BİR MİLLETVEKİLİNİN GÖRÜŞÜ AB'Yİ BAĞLAMAZ

Bakan Çavuşoğlu internet yasası ve yargıdaki gelişmelerin AB ilişkilerinin olumsuz yönden etkileyip etkilemediği yönündeki soruyu da "Bizim yaptığımız iş, AB kriterlerinden farklı bir şey değil ama esas itibarı ile Türkiye yaşadığı süreçte bu yasayı çıkarmak durumundaydı. Yargının kendi iç bağımsızlığının sağlanması için bunların niçin yapılması gerektiğini anlatıyoruz ve bu diyalog ortamında AB müzakerelerinin de devam edeceğini umuyoruz. İngiltere'den bir milletvekilinin sürecin durması ile ilgili söylemini sanki tüm AB Parlamentosu'nun görüşü gibi yansıtmak Türkiye'ye haksızlıktır. Bakıyoruz, 'İngiltere'den Türkiye'ye ultimatom' deniyor. Bunları bu kadar abartmanın gereği yok. Bizden bir milletvekili açıklama yaptığı zaman meclisi de, iktidarı da, Türkiye'yi de bağlamaz. Biz bu kompleksten kurtulmalıyız. O yüzden bir milletvekilinin kendi görüşünü belirtmesinden bu kadar etkilenmemek gerekiyor. Bu AB'yi bağlamaz" diye yanıtladı.

Avrupa Birliği Bakanı ve Başmüzakereci Mevlüt Çavuşoğlu, Eskişehir Valisi Güngör Azim Tuna'yı makamında ziyaret ettikten sonra Eskişehir Valiliği Toplantı Salonu'nda düzenlenen AB Uyum Danışma ve Yönlendirme Kurulu toplantısına katıldı.

Çavuşoğlu, toplantının ardından Ak Parti Eskişehir Büyükşehir Belediye Başkan Adayı Harun Karacan ve bir grup partili ile birlikte Köprübaşı ve Hamamyolu caddelerinde esnafları gezdi.

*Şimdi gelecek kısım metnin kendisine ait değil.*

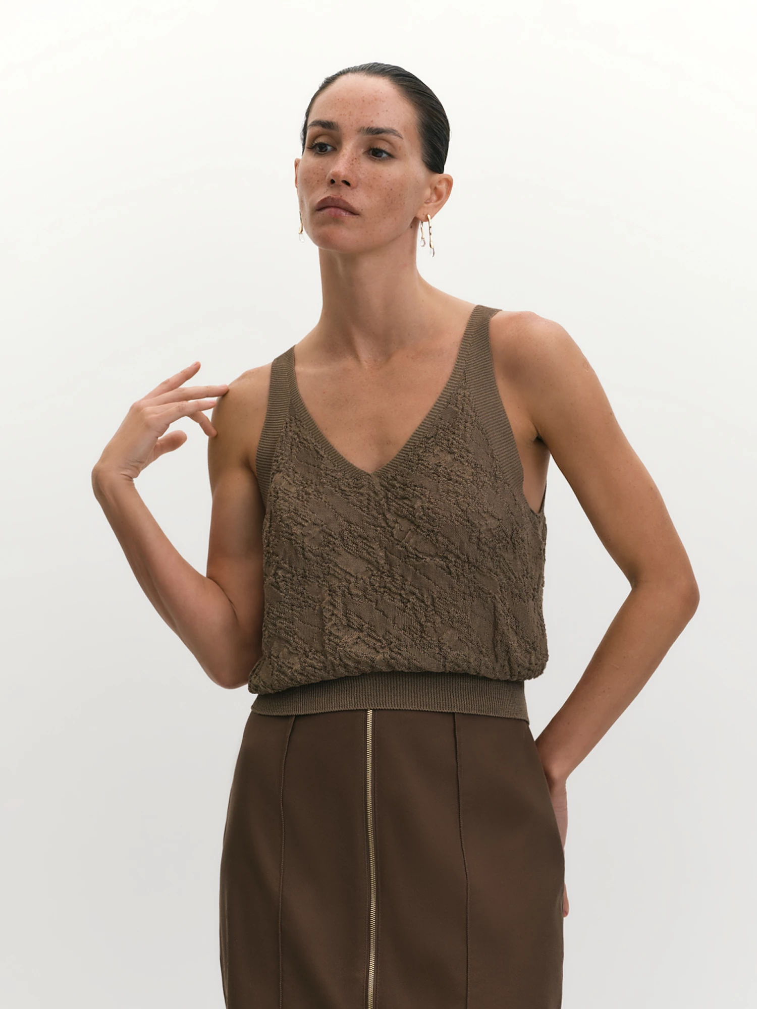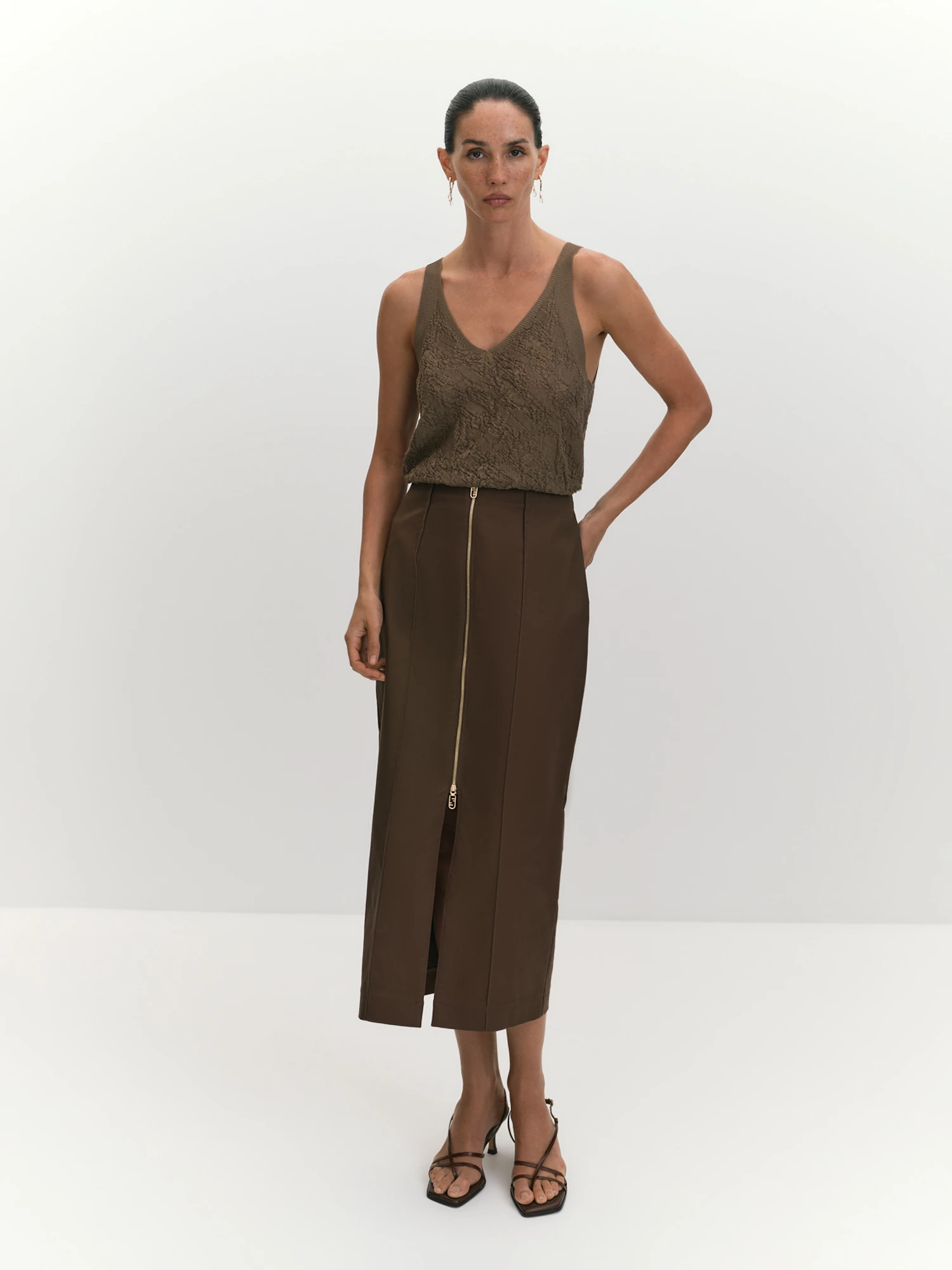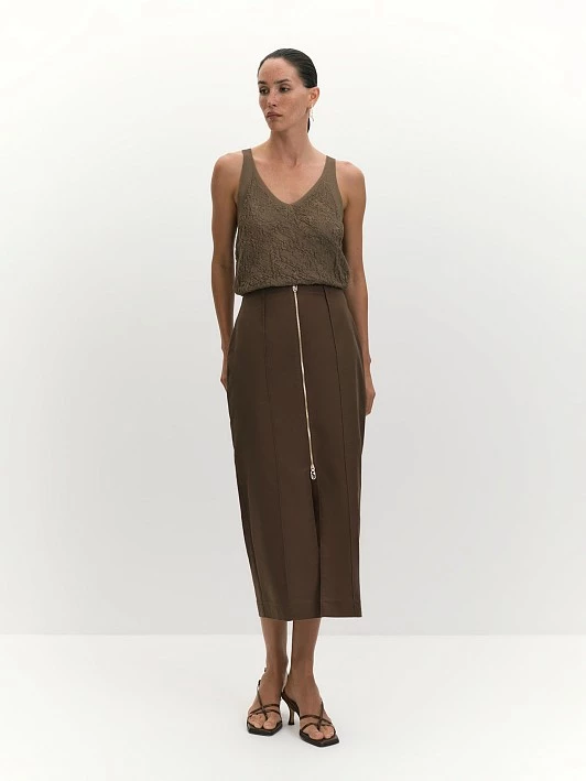 Юбка-карандаш своей высокой посадкой, декоративными вертикальными швами и акцентной застежкой на золотистую молнию — является продуктом эклектики, где современный гламур встречается с элементами классики. Выполнена модель из высококачественной ткани, сочетающей хлопок, модифицированную вискозу и спандекс, такое полотно объединяет в себе прочность, мягкость и эластичность, обеспечивая идеальную посадку, комфорт и свободу движений. Насыщенный оттенок «какао» подчеркивает текстуру ткани и акцентирует внимание на важных деталях, таких как золотистая молния и вертикальные швы, они визуально удлиняют силуэт и придают юбке особую функциональность. Высокая посадка и минималистичный крой создают чистый, структурированный силуэт, подчеркивающий талию и бедра, а застежка на молнию спереди становится не только нужным элементом, но и стильным акцентом, добавляющим образу яркости. Такая юбка легко вписывается в офисные, повседневные и вечерние образы, сочетая в себе удобство, стиль и презентабельность.

Bakan Çavuşoğlu gezinin sonunda gazetecilere yaptığı açıklamada gezi sırasında yanına gelen bir polis emeklisinin, emniyet mensubu olan oğlunun fişlendiğini söylediğini belirterek "İşte bizim de karşı olduğumuz budur. Devlet içinde, devletin kurumları içinde yargıda olsun bürokraside olsun ve aynı şekilde polisimizin içinde olsun yapılanmalar olmamalıdır. Devlet içinde tek düzen olur. Farklı görüşler olabilir ama tek düzen olur. Vatandaşlarımız, devletimize hizmet isteyenler bu tür paralel yapılardan ve bu uygulamalardan mağdur olmuşlar. Biz de bugün gerçekten görüyoruz ki, çok mağduriyet var. Mağduriyetlerinin giderilmesi de, giderilmesinin sorumluluğu da iktidardadır, hükümettedir, yürütmededir" diye konuştu.

Gezi sırasında arkadan gelen bir simitçi Bakan Çavuşoğlu'na seslenerek, "Sayın Bakanım sabahtan beri dolaşıyorum, simitleri bitiremedim. Lütfen bir tane simit alır mısınız?" dedi. Bakan Çavuşoğlu ise, simitçiye, "Bir simitte 650 kalori var. Almam" diyerek yoluna devam etti.